__Task to complete__: Make an exact copy of the entries, taking out every picture.

Items listed in a dataset:
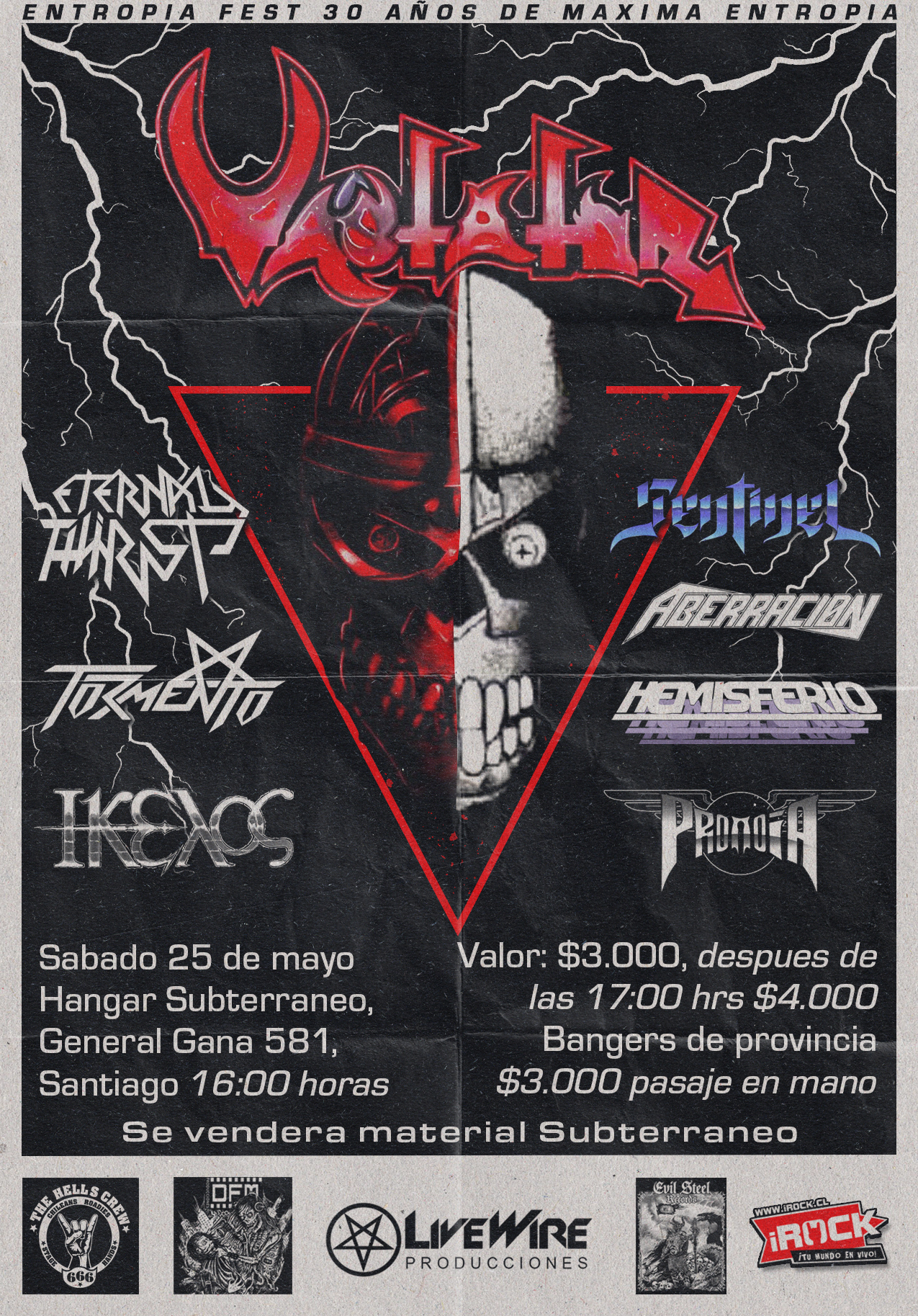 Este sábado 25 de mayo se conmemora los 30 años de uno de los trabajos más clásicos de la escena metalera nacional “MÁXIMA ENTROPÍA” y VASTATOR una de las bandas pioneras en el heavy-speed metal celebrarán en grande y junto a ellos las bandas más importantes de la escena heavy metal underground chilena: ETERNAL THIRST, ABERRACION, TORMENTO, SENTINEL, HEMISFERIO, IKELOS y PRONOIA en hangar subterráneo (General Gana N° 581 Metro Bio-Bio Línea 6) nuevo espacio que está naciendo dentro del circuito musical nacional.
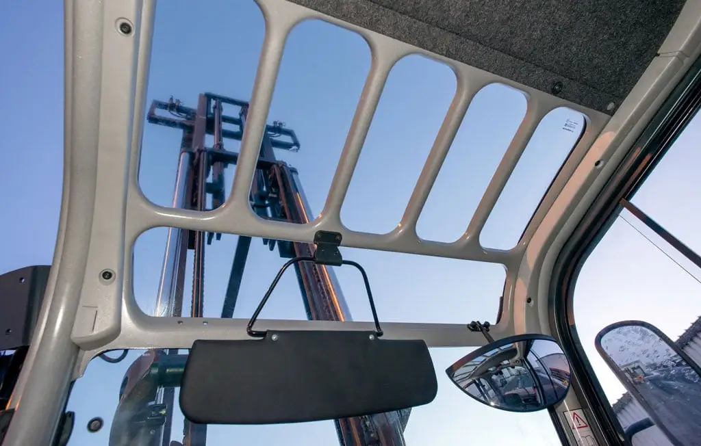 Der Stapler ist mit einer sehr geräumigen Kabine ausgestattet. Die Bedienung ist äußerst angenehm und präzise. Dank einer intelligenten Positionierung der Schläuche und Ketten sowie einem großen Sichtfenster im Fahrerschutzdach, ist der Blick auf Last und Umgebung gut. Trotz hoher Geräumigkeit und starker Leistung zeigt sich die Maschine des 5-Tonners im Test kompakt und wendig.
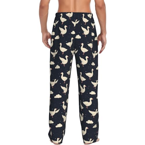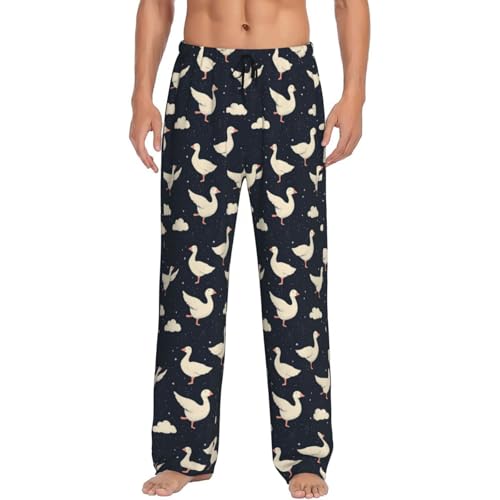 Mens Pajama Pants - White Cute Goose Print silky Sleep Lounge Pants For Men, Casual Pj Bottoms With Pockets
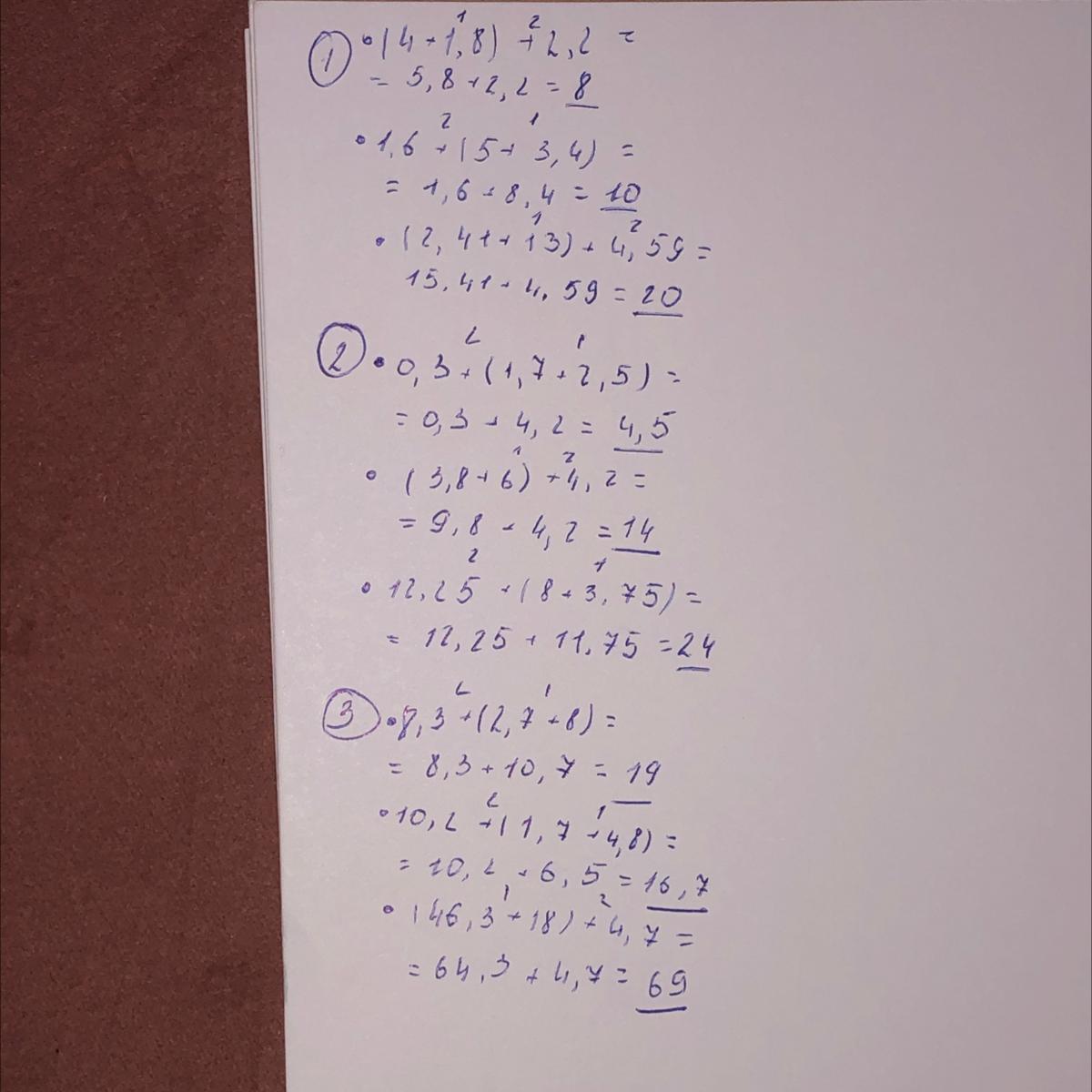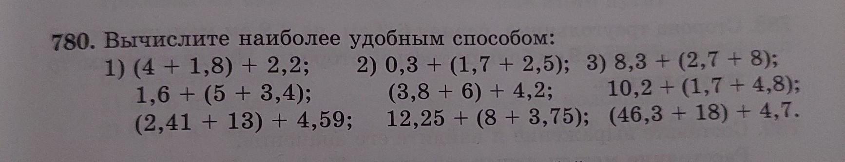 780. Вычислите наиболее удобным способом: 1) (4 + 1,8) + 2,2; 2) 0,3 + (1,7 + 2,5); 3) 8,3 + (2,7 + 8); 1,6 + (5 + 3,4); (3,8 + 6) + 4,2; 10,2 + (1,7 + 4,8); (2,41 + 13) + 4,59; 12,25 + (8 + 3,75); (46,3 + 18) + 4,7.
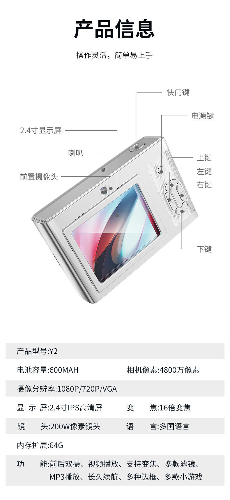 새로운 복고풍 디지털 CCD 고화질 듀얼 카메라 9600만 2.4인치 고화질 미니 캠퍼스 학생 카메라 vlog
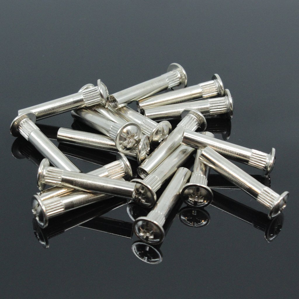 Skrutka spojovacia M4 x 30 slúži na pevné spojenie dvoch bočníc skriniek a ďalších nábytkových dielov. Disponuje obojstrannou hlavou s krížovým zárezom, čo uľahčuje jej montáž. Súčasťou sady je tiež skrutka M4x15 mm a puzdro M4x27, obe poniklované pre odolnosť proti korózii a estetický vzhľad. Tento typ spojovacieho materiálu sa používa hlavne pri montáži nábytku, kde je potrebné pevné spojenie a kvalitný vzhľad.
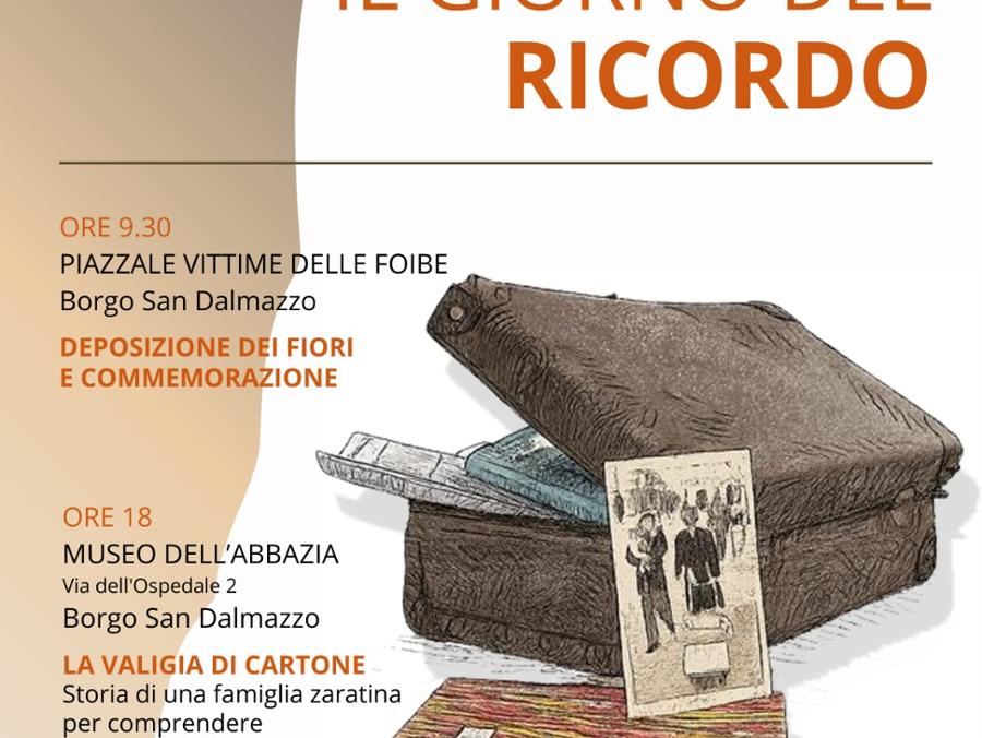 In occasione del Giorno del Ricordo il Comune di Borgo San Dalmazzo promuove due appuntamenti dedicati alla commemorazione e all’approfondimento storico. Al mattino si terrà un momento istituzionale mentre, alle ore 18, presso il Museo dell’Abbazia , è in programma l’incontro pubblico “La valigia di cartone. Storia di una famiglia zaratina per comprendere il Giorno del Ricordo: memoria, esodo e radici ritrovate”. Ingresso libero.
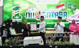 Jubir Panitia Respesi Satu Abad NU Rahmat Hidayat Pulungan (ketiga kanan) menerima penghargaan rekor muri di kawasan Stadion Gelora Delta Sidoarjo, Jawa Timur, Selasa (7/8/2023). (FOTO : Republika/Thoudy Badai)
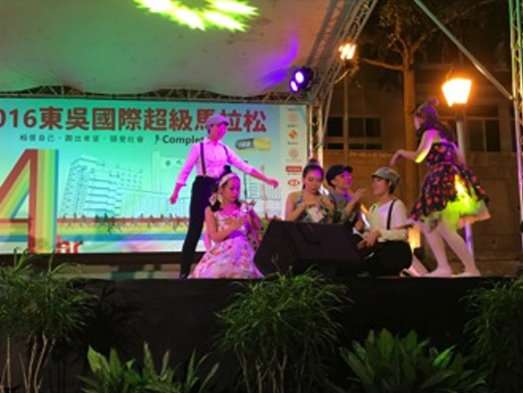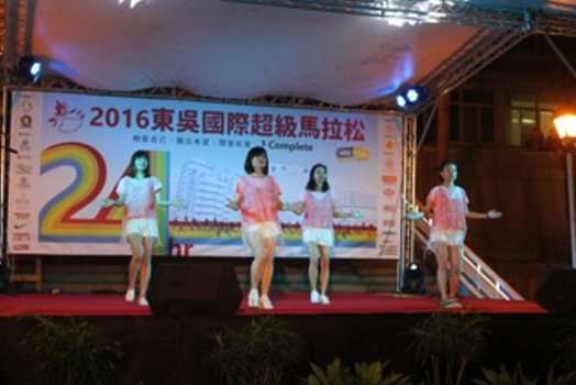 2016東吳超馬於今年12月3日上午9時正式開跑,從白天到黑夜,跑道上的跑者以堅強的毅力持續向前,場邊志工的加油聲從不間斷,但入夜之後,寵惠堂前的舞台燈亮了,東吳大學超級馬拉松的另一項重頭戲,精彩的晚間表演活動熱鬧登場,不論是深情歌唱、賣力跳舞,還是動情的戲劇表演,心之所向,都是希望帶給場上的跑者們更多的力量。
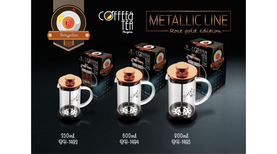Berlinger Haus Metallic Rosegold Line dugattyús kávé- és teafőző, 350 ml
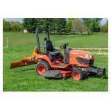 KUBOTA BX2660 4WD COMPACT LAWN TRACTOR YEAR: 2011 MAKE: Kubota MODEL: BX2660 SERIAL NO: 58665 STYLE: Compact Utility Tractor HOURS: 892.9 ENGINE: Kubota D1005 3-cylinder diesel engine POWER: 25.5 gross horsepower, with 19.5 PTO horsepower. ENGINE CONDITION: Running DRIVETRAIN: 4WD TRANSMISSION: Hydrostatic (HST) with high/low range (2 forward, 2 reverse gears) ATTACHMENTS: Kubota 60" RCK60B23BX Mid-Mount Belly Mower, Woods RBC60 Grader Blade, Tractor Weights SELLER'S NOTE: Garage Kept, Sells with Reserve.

__Task result__:
 Este sábado 25 de mayo se conmemora los 30 años de uno de los trabajos más clásicos de la escena metalera nacional “MÁXIMA ENTROPÍA” y VASTATOR una de las bandas pioneras en el heavy-speed metal celebrarán en grande y junto a ellos las bandas más importantes de la escena heavy metal underground chilena: ETERNAL THIRST, ABERRACION, TORMENTO, SENTINEL, HEMISFERIO, IKELOS y PRONOIA en hangar subterráneo (General Gana N° 581 Metro Bio-Bio Línea 6) nuevo espacio que está naciendo dentro del circuito musical nacional.
 Der Stapler ist mit einer sehr geräumigen Kabine ausgestattet. Die Bedienung ist äußerst angenehm und präzise. Dank einer intelligenten Positionierung der Schläuche und Ketten sowie einem großen Sichtfenster im Fahrerschutzdach, ist der Blick auf Last und Umgebung gut. Trotz hoher Geräumigkeit und starker Leistung zeigt sich die Maschine des 5-Tonners im Test kompakt und wendig.
 Mens Pajama Pants - White Cute Goose Print silky Sleep Lounge Pants For Men, Casual Pj Bottoms With Pockets
 780. Вычислите наиболее удобным способом: 1) (4 + 1,8) + 2,2; 2) 0,3 + (1,7 + 2,5); 3) 8,3 + (2,7 + 8); 1,6 + (5 + 3,4); (3,8 + 6) + 4,2; 10,2 + (1,7 + 4,8); (2,41 + 13) + 4,59; 12,25 + (8 + 3,75); (46,3 + 18) + 4,7.
 새로운 복고풍 디지털 CCD 고화질 듀얼 카메라 9600만 2.4인치 고화질 미니 캠퍼스 학생 카메라 vlog
 Skrutka spojovacia M4 x 30 slúži na pevné spojenie dvoch bočníc skriniek a ďalších nábytkových dielov. Disponuje obojstrannou hlavou s krížovým zárezom, čo uľahčuje jej montáž. Súčasťou sady je tiež skrutka M4x15 mm a puzdro M4x27, obe poniklované pre odolnosť proti korózii a estetický vzhľad. Tento typ spojovacieho materiálu sa používa hlavne pri montáži nábytku, kde je potrebné pevné spojenie a kvalitný vzhľad.
 In occasione del Giorno del Ricordo il Comune di Borgo San Dalmazzo promuove due appuntamenti dedicati alla commemorazione e all’approfondimento storico. Al mattino si terrà un momento istituzionale mentre, alle ore 18, presso il Museo dell’Abbazia , è in programma l’incontro pubblico “La valigia di cartone. Storia di una famiglia zaratina per comprendere il Giorno del Ricordo: memoria, esodo e radici ritrovate”. Ingresso libero.
 Jubir Panitia Respesi Satu Abad NU Rahmat Hidayat Pulungan (ketiga kanan) menerima penghargaan rekor muri di kawasan Stadion Gelora Delta Sidoarjo, Jawa Timur, Selasa (7/8/2023). (FOTO : Republika/Thoudy Badai)
 2016東吳超馬於今年12月3日上午9時正式開跑,從白天到黑夜,跑道上的跑者以堅強的毅力持續向前,場邊志工的加油聲從不間斷,但入夜之後,寵惠堂前的舞台燈亮了,東吳大學超級馬拉松的另一項重頭戲,精彩的晚間表演活動熱鬧登場,不論是深情歌唱、賣力跳舞,還是動情的戲劇表演,心之所向,都是希望帶給場上的跑者們更多的力量。
Berlinger Haus Metallic Rosegold Line dugattyús kávé- és teafőző, 350 ml
 KUBOTA BX2660 4WD COMPACT LAWN TRACTOR YEAR: 2011 MAKE: Kubota MODEL: BX2660 SERIAL NO: 58665 STYLE: Compact Utility Tractor HOURS: 892.9 ENGINE: Kubota D1005 3-cylinder diesel engine POWER: 25.5 gross horsepower, with 19.5 PTO horsepower. ENGINE CONDITION: Running DRIVETRAIN: 4WD TRANSMISSION: Hydrostatic (HST) with high/low range (2 forward, 2 reverse gears) ATTACHMENTS: Kubota 60" RCK60B23BX Mid-Mount Belly Mower, Woods RBC60 Grader Blade, Tractor Weights SELLER'S NOTE: Garage Kept, Sells with Reserve.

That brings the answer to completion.